WORK TO BE COMPLETED:
Print out the data precisely as it appears here, with no pictures.

══════════

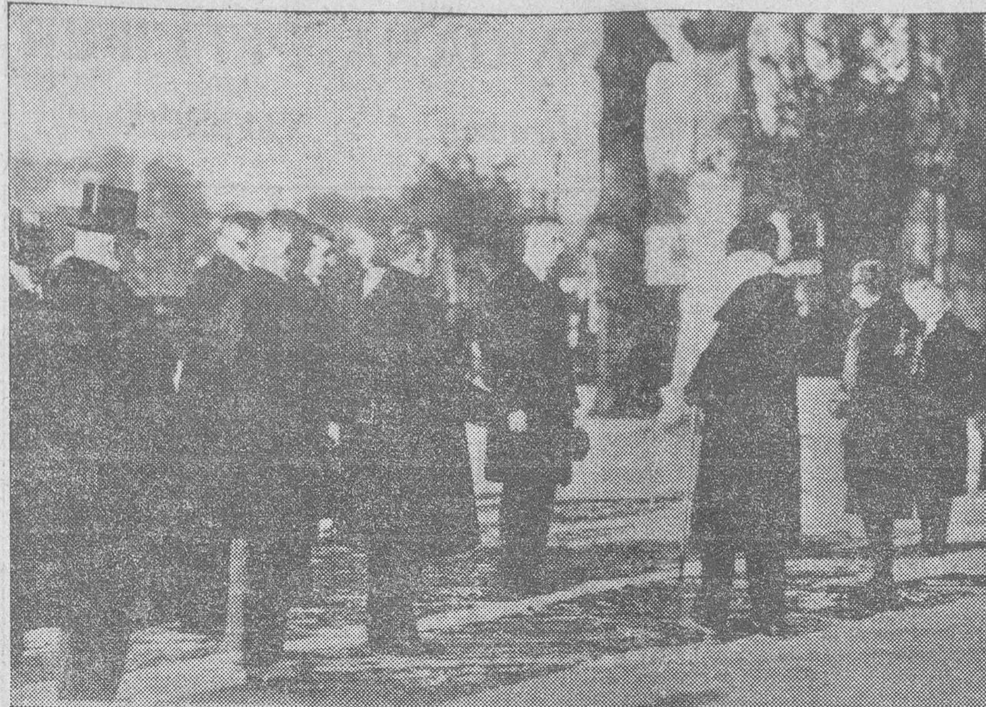
Guillermo II y su mujer reciben el homenaje de los ediles de Doorn. Documento único
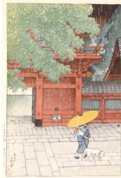
《東京十二題 五月雨ふる山王》大正8(1919)年
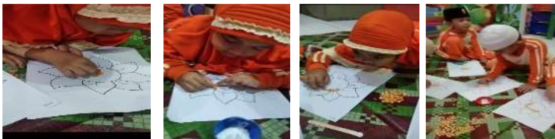
Gambar 1. Proses Kolase Gambar Bunga dengan Biji Jagung
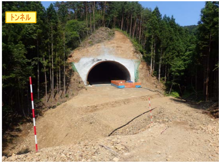
▲No350から終点側を望む [気仙沼第2号トンネル(仮)]
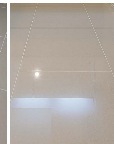
洗面所内装床ディテール
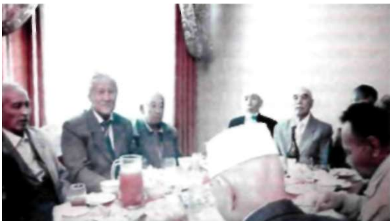
9май 2012 ж. Жеңіс тойы күні. «Бота» кафесі Металлург достарымен бірге
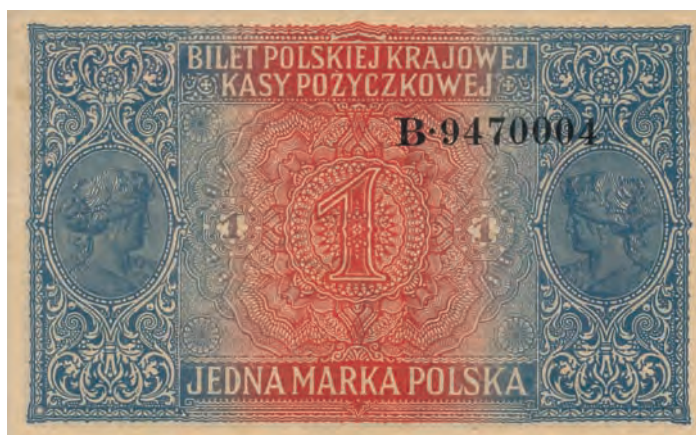
12 b. 1 marka polska, 9 grudnia 1916 (rewers)
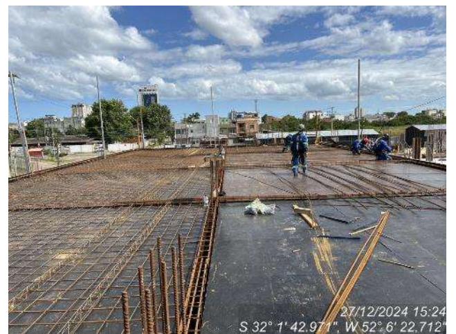
- Armação vigas e lajes (2º Pav Ala Leste);
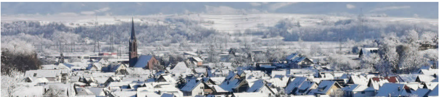
Winterbild: Brigitte Wolf
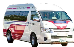
▲この車の愛称とロゴマークを募集します
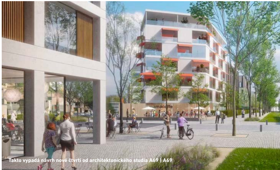
Fakto vypadá návrh nové čtvrti od architektonického studia A69 | A69

„Pro potřebný rozvoj města se developeri stávají silným partnerem. Na potřebnou vybavenost konečně přispívají stamiliony, aniž by přitom docházelo ke zdražení bydlení. Pro developery je totiž nejdražší čas, který by museli do projektu bez jasných pravidel a spolupráce s městem investovat navíc. Zkracuje se tím i čekání obyvatel na dobudování infrastruktury
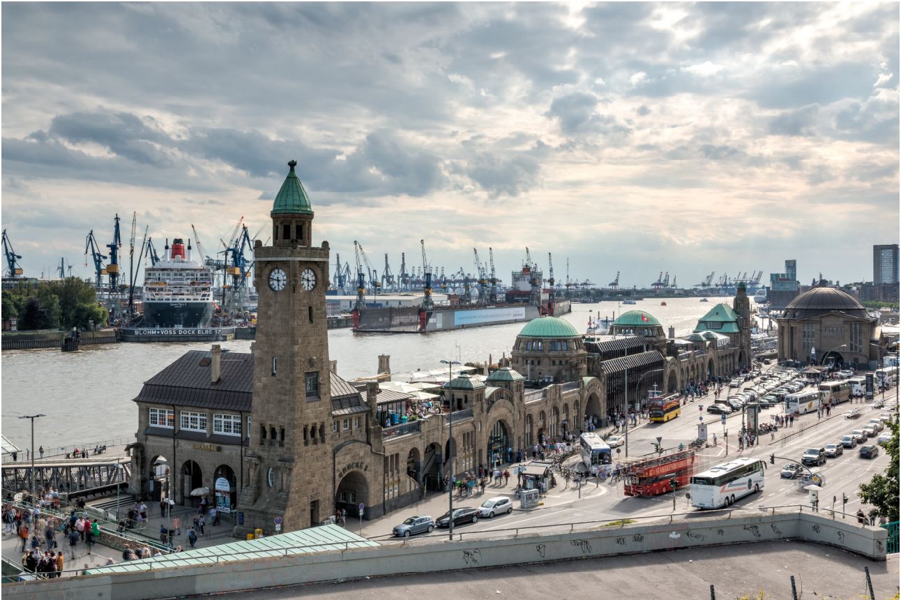
Hamburger Hafen mit Landungsbrücken

Die Geschichte Hamburgs reicht bis in das 4. Jahrhundert v. Chr. zurück. Aus dieser Zeit datieren die ältesten festen Behausungen für die Ortschaft, die von dem antiken Wissenschaftler Claudius Ptolemäus noch als Treva bezeichnet wurde. Vom 4. bis ins 6. Jahrhundert siedelten sich Sachsen im nordelbischen Raum an.
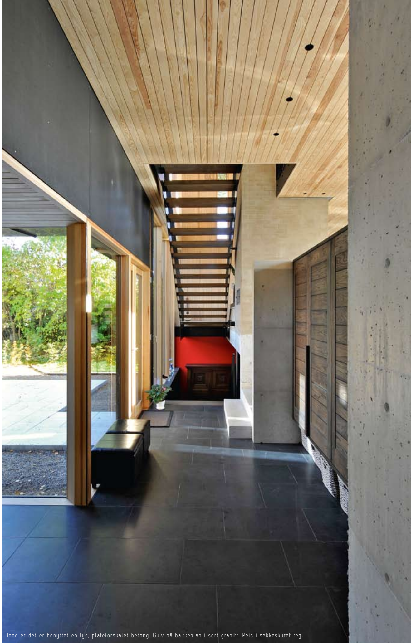
Inne er det er benyttet en lys, plateforskalet betong. Gulv på bakkeplan i sort granitt. Peis i sekkeskuret tegl
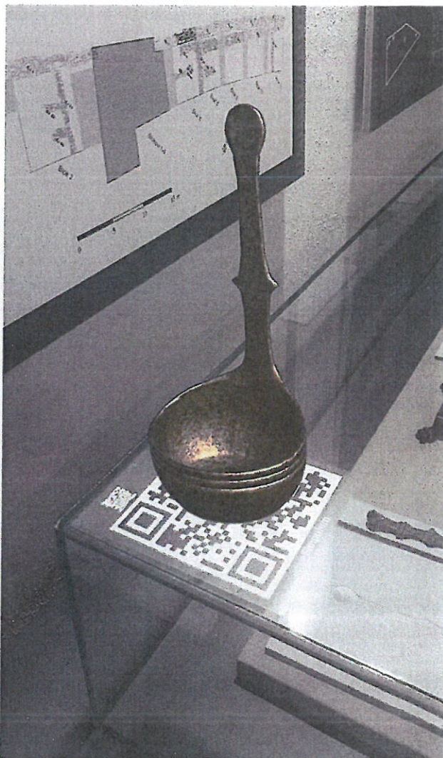
4. 3D model simpuluma

Trajna izložba Etnografska baština Trilja i stare fotografije prezentira predmete iz Etnografske zbirke te izbor fotografija datiranih na polovinu 20. st. koje dočaravaju materijalnu i nematerijalnu kulturu i baštinu triljskog kraja.

══════════

TASK ANSWER:
Guillermo II y su mujer reciben el homenaje de los ediles de Doorn. Documento único
《東京十二題 五月雨ふる山王》大正8(1919)年
Gambar 1. Proses Kolase Gambar Bunga dengan Biji Jagung
▲No350から終点側を望む [気仙沼第2号トンネル(仮)]
洗面所内装床ディテール
9май 2012 ж. Жеңіс тойы күні. «Бота» кафесі Металлург достарымен бірге
12 b. 1 marka polska, 9 grudnia 1916 (rewers)
- Armação vigas e lajes (2º Pav Ala Leste);
Winterbild: Brigitte Wolf
▲この車の愛称とロゴマークを募集します
Fakto vypadá návrh nové čtvrti od architektonického studia A69 | A69

„Pro potřebný rozvoj města se developeri stávají silným partnerem. Na potřebnou vybavenost konečně přispívají stamiliony, aniž by přitom docházelo ke zdražení bydlení. Pro developery je totiž nejdražší čas, který by museli do projektu bez jasných pravidel a spolupráce s městem investovat navíc. Zkracuje se tím i čekání obyvatel na dobudování infrastruktury
Hamburger Hafen mit Landungsbrücken

Die Geschichte Hamburgs reicht bis in das 4. Jahrhundert v. Chr. zurück. Aus dieser Zeit datieren die ältesten festen Behausungen für die Ortschaft, die von dem antiken Wissenschaftler Claudius Ptolemäus noch als Treva bezeichnet wurde. Vom 4. bis ins 6. Jahrhundert siedelten sich Sachsen im nordelbischen Raum an.
Inne er det er benyttet en lys, plateforskalet betong. Gulv på bakkeplan i sort granitt. Peis i sekkeskuret tegl
4. 3D model simpuluma

Trajna izložba Etnografska baština Trilja i stare fotografije prezentira predmete iz Etnografske zbirke te izbor fotografija datiranih na polovinu 20. st. koje dočaravaju materijalnu i nematerijalnu kulturu i baštinu triljskog kraja.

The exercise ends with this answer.